SameSite is a cookie attribute. The Recording Toolbar sends an authorize request to the Calabrio application server and it responds with a token that is stored into a cookie (set-cookie response header). Whenever a request is sent to the Calabrio domain, the cookie is attached to the request and the Calabrio server can validate the token.
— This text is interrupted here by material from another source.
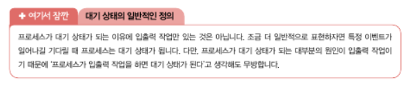 5)대기상태(blocked): 입출력 장치의 작업을 기다리는 상태.

With the latest browser versions, all cookies without a SameSite=None attribute are defaulted to 'lax' which prevents the browser from sending the cookie in a cross-domain request.

The solution is to inject SameSite=None to the cookie attributes from the On Prem Calabrio Application server.

Open the previously modified httpd.conf file located in the standard Calabrio installation folder C:\Program Files\Common Files\Calabrio ONE\Server\config from the Calabrio Application server and check that LoadModule headers_module modules/mod_headers.so is added to the LoadModule list. Check that it does not have a # at the beginning of the line.

Add the following chunk of code after the LoadModule list:

<ifmodule mod_headers.c>
  Header always edit Set-Cookie (.*) "$1; SameSite=None"
  Header onsuccess edit Set-Cookie (.*) "$1; SameSite=None"
  Header edit Set-Cookie ^(.*);\s?SameSite=None;?\s?(.*);\s?SameSite=None;?\s?(.*)$ "$1; $2; $3; SameSite=None"
  Header edit Set-Cookie ^(.*);\s?;\s?(.*)$ "$1; $2"
</ifmodule>

Restart the Calabrio One Application Server and the Calabrio One Web Server services.